Its Settled - Analysis
A farewell that sounds like a verdict
The poem’s central claim is that the speaker’s departure from his rural home isn’t just a move but a kind of self-sentencing: once he leaves, he believes he is barred from return, and that exile will end in a particular kind of death in the city. The opening declaration, “Yes! It’s settled! Now and for ever,” has the hard, over-loud finality of someone trying to convince himself. Even the landscape is framed as something he will never again deserve to hear: the “winged leaves of poplars” that used to “ring and rustle” above him. Nature is not merely missed; it becomes a lost music, and the word “never” sets the emotional stakes immediately.
The home already collapsing
What makes the goodbye brutal is how quickly it turns into an inventory of abandonment. “Our house will sag in my absence” imagines the home physically drooping, as if it depends on his presence to remain upright. Then the poem adds a colder fact: “my dog died a long time ago.” This isn’t fresh grief; it’s a marker that the ties were already fraying before the speaker left. The repetition of these lines at the end matters emotionally more than technically: the poem circles back to them like a mind unable to stop touching the bruise. It suggests that the speaker’s “settled” decision doesn’t settle anything inside him.
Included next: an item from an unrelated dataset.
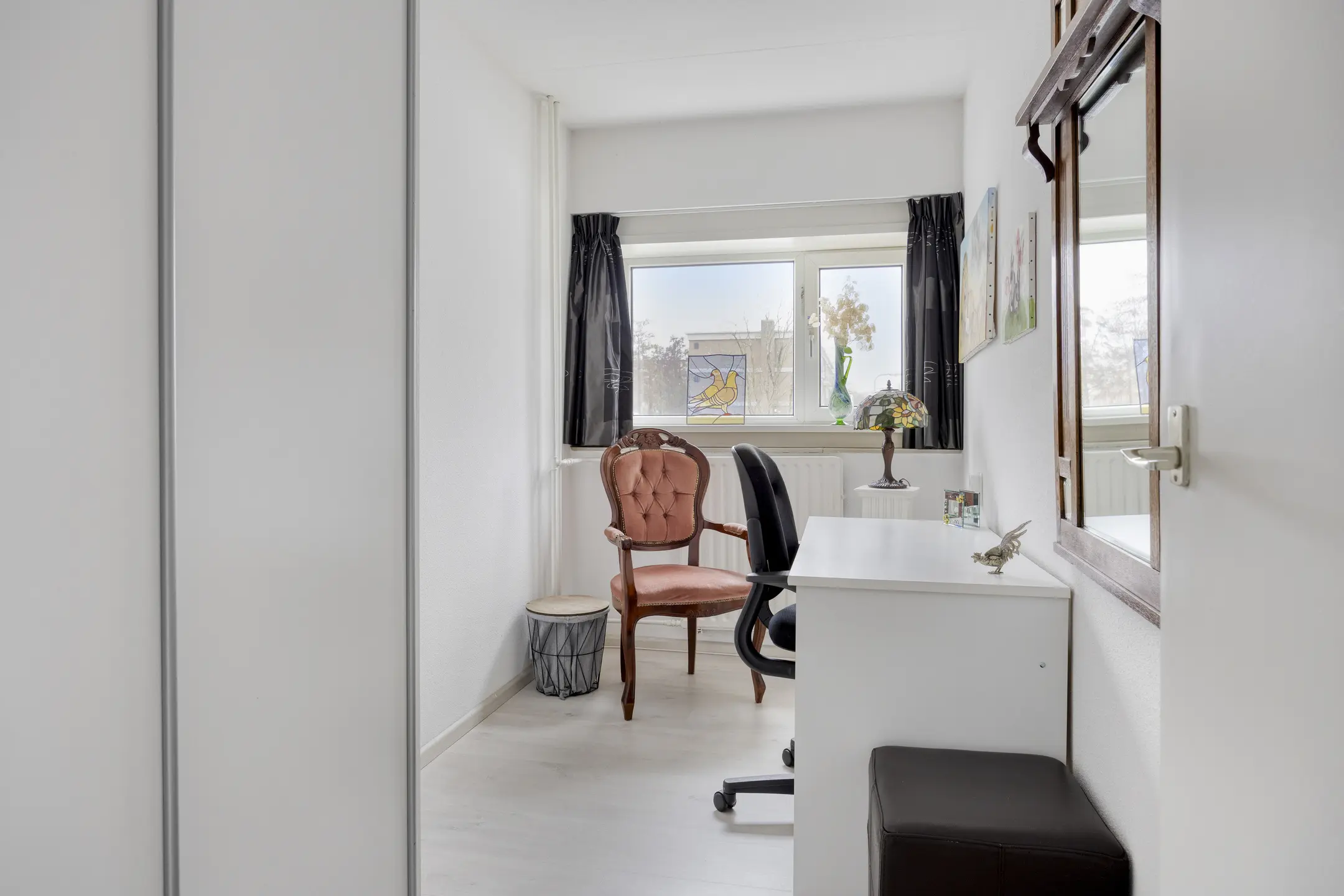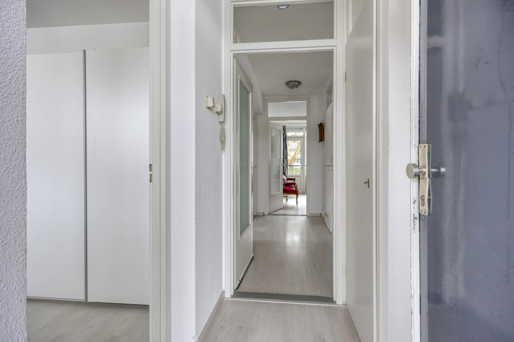 Wanneer je binnenkomt, bevindt zich direct de entree van de woning, waar ook de meterkast is gesitueerd. De eerste slaapkamer is bereikbaar via de entree, ideaal als werkruimte of gastenkamer. Bij verder doorlopen kom je in de gang, die toegang biedt tot de overige vertrekken.

Moscow as a beautiful weight
The poem’s hinge is the move from the plain’s private soundscape to Moscow’s public, heavy grandeur. The speaker says, surprisingly, “I admire this city of elm-trees,” and notices “decrepit buildings and homes” with a kind of tender attention. Moscow is not painted as purely corrupt; it is worn, lived-in, and oddly hypnotic. The phrase “Golden somnolent Asian entities” resting “on temple domes” makes the city’s sacred architecture feel drowsy, even foreign to itself, as if its spirituality has become decoration. That sleepy gold contrasts with the speaker’s agitation later; the city seems to doze while he spirals.
Night walking, and the pull of the den
When night comes, the poem’s tone sharpens and sours. Moonlight “dissipated” shines “Like hell in the dark sky of blue!” The simile is jarring: light is supposed to console, but here it exposes and condemns. The speaker “walk[s] down the alley, dejected,” heading to “the pub for a drink, maybe, two,” a line that tries to sound casual while admitting dependence. Calling the pub “a sinister den, harsh and roaring” shows he knows exactly what kind of place it is, yet he goes anyway. The tension is clear: he is drawn toward what harms him, and he narrates that pull with bleak clarity rather than surprise.
Performing shame as entertainment
Inside the pub, the speaker becomes both observer and participant in moral collapse. He reads poems “for girls that go whoring” and “carouse[s] with thieves with delight.” The word “delight” is the most disturbing detail, because it refuses a simple repentance story. He isn’t only trapped; part of him enjoys the degradation, or at least the intensity of it. Then the poem tightens into self-judgment: “Now I speak but my words are quite pointless,” and his heart’s “beat” accelerates toward a confession that sounds like a slogan of despair: “I am totally worthless, / and I cannot re-enter the past.” “Worthless” names how he sees himself; “cannot” makes nostalgia into a locked door.
The cruel comfort of fate
The refrain returns: the sagging house, the long-dead dog, and the line that seems to comfort him precisely because it is hopelessly definitive: “I’m fated to die with compassions / in the crooked streets of Moscow.” The phrase “die with compassions” is the poem’s strangest knot. It suggests that what will kill him is not only drink or city life, but a tenderness he can’t turn off in a world that turns tenderness into pain. In that sense, the poem’s deepest contradiction is that the speaker condemns himself as “worthless” while also presenting himself as someone doomed by an excess of feeling. He can’t go back, but he also can’t stop caring about what he left behind.
If it’s truly “settled,” why does the poem need to say it twice? The repeated home-and-dog refrain feels like a self-administered punishment: he keeps dragging the image of collapse in front of himself, as if to prove he has paid for leaving. The poem won’t let him become a clean city sinner or a clean country exile. He remains caught between admiration and disgust, pleasure and shame, and the unanswerable desire to hear those poplars “ring and rustle” one more time.